These students were not given any notice in their first year in college that there would be such a quota.

The quota arrangement is very unfair. Information received by me from a number of universities indicates that this year there were 1,058 applications to UCD with only 170 places available; there were 800 applications to UCC with only 165 places available and letters to this effect were sent out late last week to the students involved. In Maynooth there were 860 applications for 150 places.

Those figures illustrate the huge number of students who will be bitterly disappointed again this year. Some students who were debarred by the quota system last year have been unlucky again this year. A number of school principals have informed me that the quota system operates without reference to the subject needs of our schools. This has already been well articulated by the Association of Secondary Teachers of Ireland.

There is a shortage of teachers for [693] certain subjects such as Irish, woodwork, chemistry, physics and home economics and no cognisance has been taken of this fact. A few years from now there will be a grave shortage of qualified teachers in these subjects unless remedial action is taken urgently.

We are also concerned about the selection procedures to be adopted in deciding which students should be allowed to progress to the diploma programme. Universities adopt different criteria to decide which students should be allowed go forward, ranging from academic qualifications to the size of a curriculum vitae, etc. This will raise serious questions in the minds of students, parents and educationalists generally.

I urge the Minister to be more caring, compassionate and equitable in the treatment of these students.

Minister for Education (Ms. Bhreathnach): Information on Niamh Bhreathnach  Zoom on Niamh Bhreathnach  The issue of the number of students who should be admitted to Higher Diploma in Education courses is a difficult one. My objectives are to ensure an adequate supply of teachers and to maintain some reasonable balance between the supply and demand for teachers.

In particular, I wish to avoid a situation where there is an oversupply of secondary teachers or outcry about the number of teachers who cannot get employment, such as happened not so long ago.

The exact forecasting of teacher requirements is a difficult exercise, but from the enrolment projections and other information available to me, it appears that the quota of Higher Diploma in Education students enrolled for the 1994-95 academic year will be adequate to fill the vacancies available.

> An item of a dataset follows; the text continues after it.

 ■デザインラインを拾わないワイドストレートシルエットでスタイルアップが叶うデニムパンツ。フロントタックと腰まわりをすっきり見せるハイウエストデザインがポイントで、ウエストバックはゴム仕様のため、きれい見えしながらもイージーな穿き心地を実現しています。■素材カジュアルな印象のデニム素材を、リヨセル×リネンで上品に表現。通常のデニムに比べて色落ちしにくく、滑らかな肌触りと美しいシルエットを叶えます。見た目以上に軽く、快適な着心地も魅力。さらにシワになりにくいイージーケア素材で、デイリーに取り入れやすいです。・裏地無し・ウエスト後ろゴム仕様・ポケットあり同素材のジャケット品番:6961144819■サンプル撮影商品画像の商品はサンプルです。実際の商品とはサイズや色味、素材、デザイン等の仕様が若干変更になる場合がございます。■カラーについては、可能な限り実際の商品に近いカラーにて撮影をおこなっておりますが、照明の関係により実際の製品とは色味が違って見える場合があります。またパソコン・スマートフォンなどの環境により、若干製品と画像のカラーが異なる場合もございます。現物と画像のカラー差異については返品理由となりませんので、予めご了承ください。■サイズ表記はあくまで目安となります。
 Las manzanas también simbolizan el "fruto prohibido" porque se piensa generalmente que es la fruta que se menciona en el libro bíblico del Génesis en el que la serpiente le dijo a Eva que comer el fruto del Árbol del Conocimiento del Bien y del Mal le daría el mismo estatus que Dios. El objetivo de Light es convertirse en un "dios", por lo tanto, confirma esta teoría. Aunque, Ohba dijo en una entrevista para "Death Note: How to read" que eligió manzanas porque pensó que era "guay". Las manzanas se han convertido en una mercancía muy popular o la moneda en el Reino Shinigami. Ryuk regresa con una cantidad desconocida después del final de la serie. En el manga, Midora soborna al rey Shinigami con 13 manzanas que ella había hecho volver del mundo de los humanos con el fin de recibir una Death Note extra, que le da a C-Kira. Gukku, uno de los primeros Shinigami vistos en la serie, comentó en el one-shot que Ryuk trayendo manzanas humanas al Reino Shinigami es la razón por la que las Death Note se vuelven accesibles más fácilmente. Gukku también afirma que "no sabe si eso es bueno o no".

In relation to the Higher Diploma in Education intake for the 1995-96 academic year, I am re-examining the position and I will take into account such factors as enrolment projections, the estimated teacher numbers required and other statistical information. Other features which will have a bearing on [694] the question are natural wastage of teachers, transition year take-up and the likely additional posts to be approved for schools for 1996-97. These issues will be balanced against the total teacher supply; the output from specialist teacher-training college, such as home economics, psysical education, and technology; and the output from the Higher Diploma in Education courses.

In attempting to make projections, it is impossible to guess how some schools will attempt to fill their vacancies — for example, how they will redeploy their existing staff and what subject mix they will seek in advertising the vacant post.

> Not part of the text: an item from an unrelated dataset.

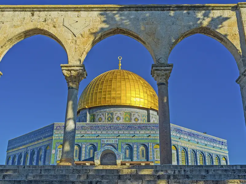 Die goldene Kuppel des Felsendoms glitzert uns im Morgenlicht auf dem Tempelberg entgegen. Gläubige beten hier und an der Al-Aksa-Moschee (beides Außenbesichtigung, abhängig von der Sicherheitslage). Vom Ölberg vormittags eine buchstäbliche Skyline: über Kirchtürme und Minarette bis zur goldenen Kuppel des Felsendoms. Dann hinter die Mauer, die Israel von Palästina trennt. Eine neue Perspektive: Eine christlich-palästinensische Familie zeigt uns Bethlehem inklusive Geburtskirche und erzählt beim Mittagessen vom schwierigen Miteinander der Völker.
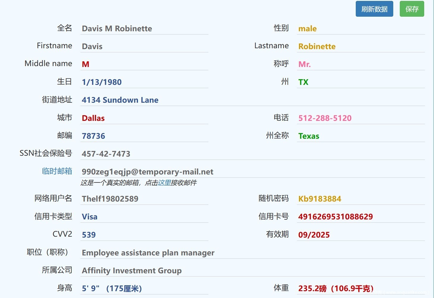 )生成美国人虚拟信息,州全称也需和IP归属的州名称一致。

Another problem is that there are perceived shortages of teachers of certain subjects. The mobility of teachers comes into play here, and the location of the school may well have a bearing on the ease with which a particular vacant post can be filled. The output from Higher Diploma in Education courses does not ensure any particular mix of basic degrees.

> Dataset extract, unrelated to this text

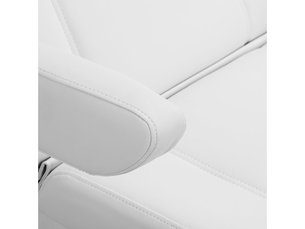 Čalúnenie z mäkkej syntetickej kože je odolné voči vlhkosti a jednoducho sa udržiava. Elegantný biely odtieň dodáva kreslu profesionálny a čistý vzhľad, ktorý sa hodí do každého moderného salónu krásy.
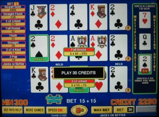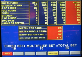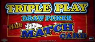 لاحظتُ لعبة "Triple Play Draw Poker" مع Match Card في كازينو Peppermill في رينو في يونيو 2013. تُشبه هذه اللعبة لعبة الفيديو بوكر، ولكن مع إضافة مميزة. بعد السحب، تختار اللعبة ثلاث بطاقات تُعرف باسم Match Cards من مجموعة أوراق منفصلة، دون احتساب أي بطاقات تخلص منها اللاعب. إذا تطابقت بطاقات Match Cards مع أي بطاقة في يد اللاعب بعد السحب، فسيربح مضاعفات. التكلفة هي أن اللاعب يجب أن يضاعف رهانه، وتعتمد الأرباح على نصف إجمالي الرهان فقط.

It does not follow that the removal of the quota imposed on places in Higher Diploma in Education courses would enable more students to pursue a career in secondary school teaching. Rather, it might result in an oversupply of graduates qualified to teach in secondary schools. This is a situation which I should like to avoid if possible.

I expect to make a decision shortly on the question of the number of places on Higher Diploma in Education courses for the 1995-96 academic year.